- Coat of arms
- Gmina Bakałarzewo within the Suwałki County
- Coordinates (Bakałarzewo): 54°5′16″N 22°38′35″E﻿ / ﻿54.08778°N 22.64306°E
- Country: Poland
- Voivodeship: Podlaskie
- County: Suwałki County
- Seat: Bakałarzewo

Area
- • Total: 123.01 km^{2} (47.49 sq mi)

Population (2006)
- • Total: 3,053
- • Density: 24.82/km^{2} (64.28/sq mi)
- Website: https://www.bakalarzewo.pl/

= Gmina Bakałarzewo =

Gmina Bakałarzewo is a rural gmina (administrative district) in Suwałki County, Podlaskie Voivodeship, in north-eastern Poland. Its seat is the village of Bakałarzewo, which lies approximately 19 km west of Suwałki and 114 km north of the regional capital Białystok.

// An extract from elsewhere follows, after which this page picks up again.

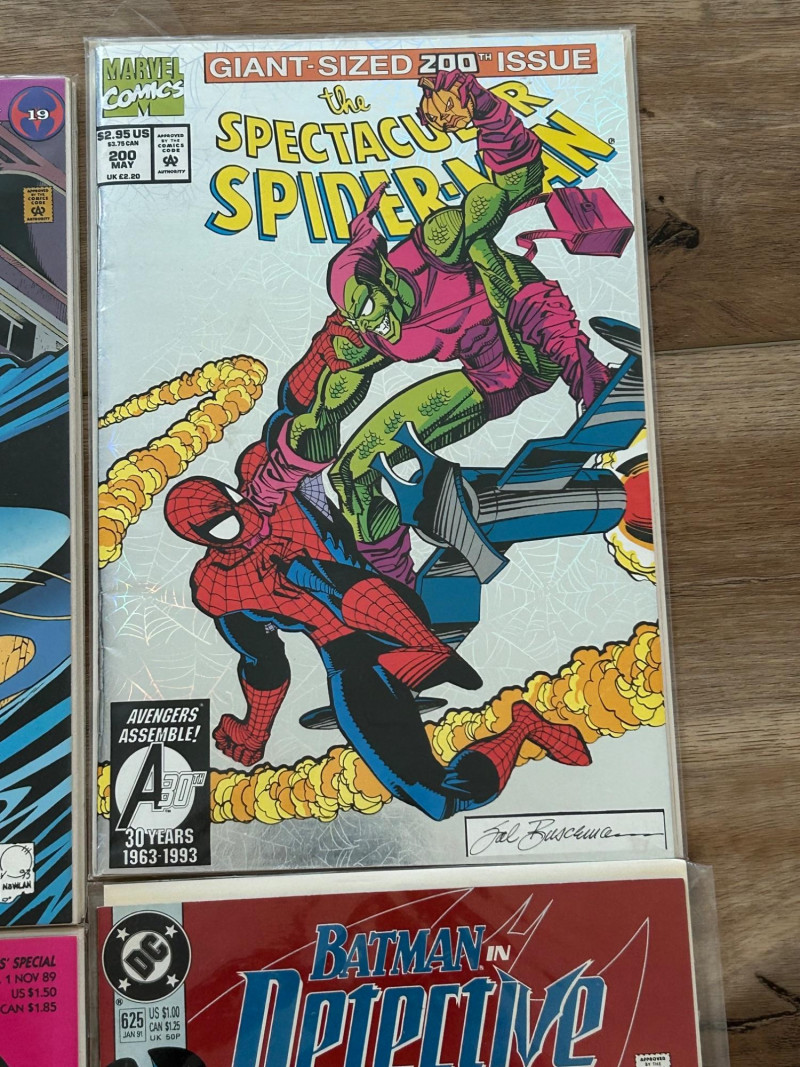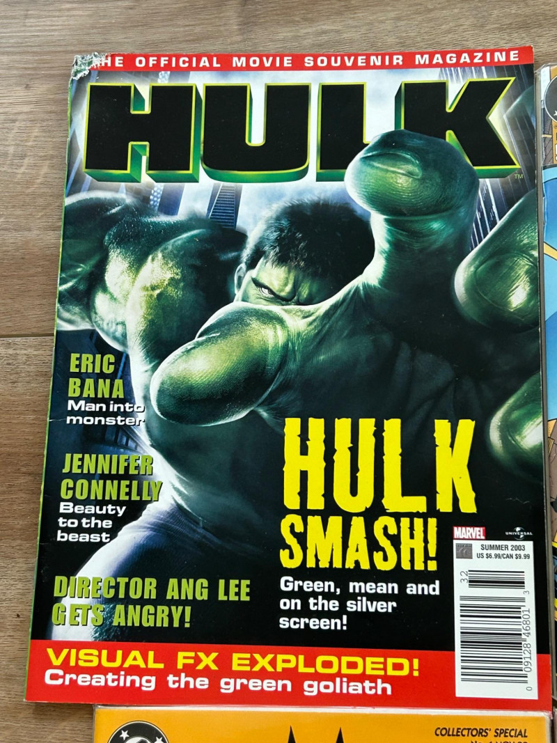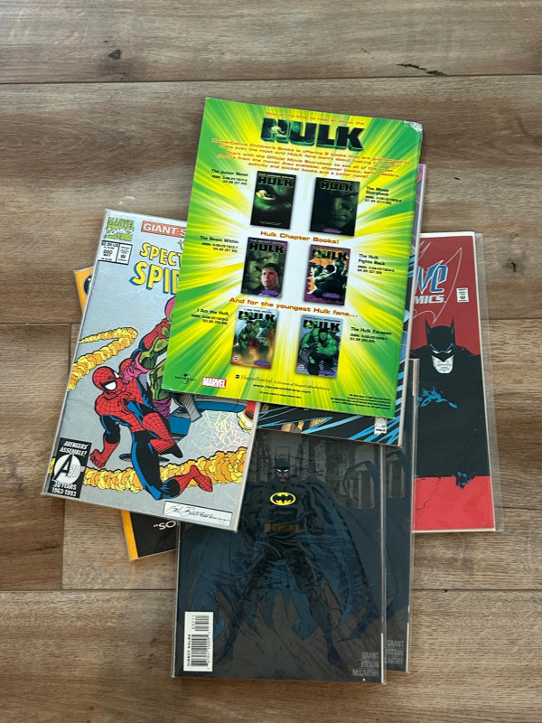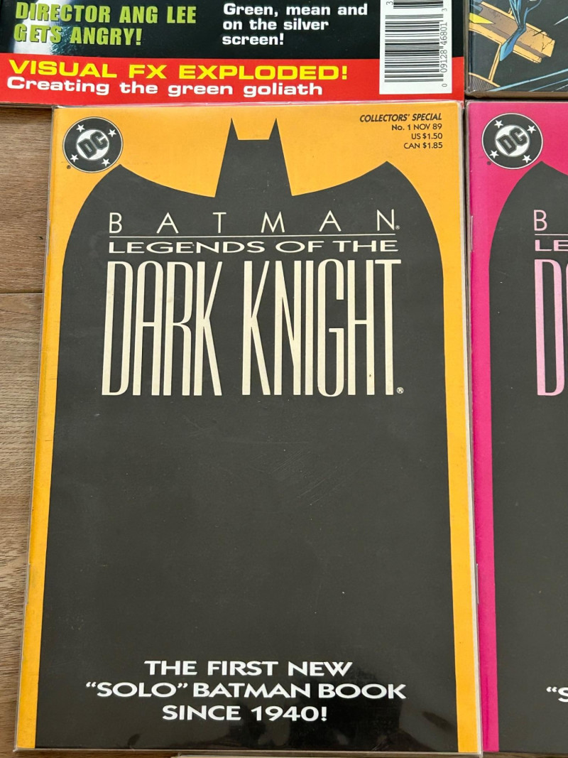 A striking mixed lot of DC and Marvel collectibles featuring iconic Batman storylines, a giant-size Spider-Man issue, and a Hulk movie souvenir magazine. This group highlights visually bold covers and key eras—from the gritty Knightfall period to anniversary and collectors’ specials—making it an excellent addition for comic collectors, Batman fans, or pop-culture enthusiasts. The lot includes multiple Batman titles such as Batman: Legends of the Dark Knight (Collectors’ Specials), Batman(notably issue #500 from Knightfall), Detective Comics, and Batman: Shadow of the Bat. Marvel highlights include The Spectacular Spider-Man (Giant-Size #200 anniversary issue) and an official Hulk magazine tied to the Ang Lee film era. Batman: Legends of the Dark Knight – Collectors’ Special editions (multiple color variants shown) Batman #500 – Knightfall era landmark issue Batman: Detective Comics – Classic 1990s cover artwork Batman: Shadow of the Bat – Dark, atmospheric Gotham styling The Spectacular Spider-Man – Giant-Size #200 (30th Anniversary era) Hulk – Official Movie Souvenir Magazine (2003) Publishers: DC Comics & Marvel Comics Era: Primarily 1990s with early-2000s material Format: Standard comics + one magazineSet Includes:

The gmina covers an area of 123.01 km2, and as of 2006 its total population is 3,053.

==Villages==
Gmina Bakałarzewo contains the villages and settlements of Aleksandrowo, Bakałarzewo, Gębalówka, Góra, Kamionka Poprzeczna, Karasiewo, Klonowa Góra, Konopki, Kotowina, Malinówka, Maryna, Matłak, Nieszki, Nowa Kamionka, Nowa Wieś, Nowy Dwór, Nowy Skazdub, Orłowo, Płociczno, Podgórze, Podrabalina, Podwólczanka, Sadłowina, Słupie, Sokołowo, Stara Chmielówka, Stara Kamionka, Stary Skazdub, Suchorzec, Wólka, Wólka-Folwark, Zajączkowo, Zajączkowo-Folwark and Zdręby.

==Neighbouring gminas==
Gmina Bakałarzewo is bordered by the gminas of Filipów, Olecko, Raczki, Suwałki and Wieliczki.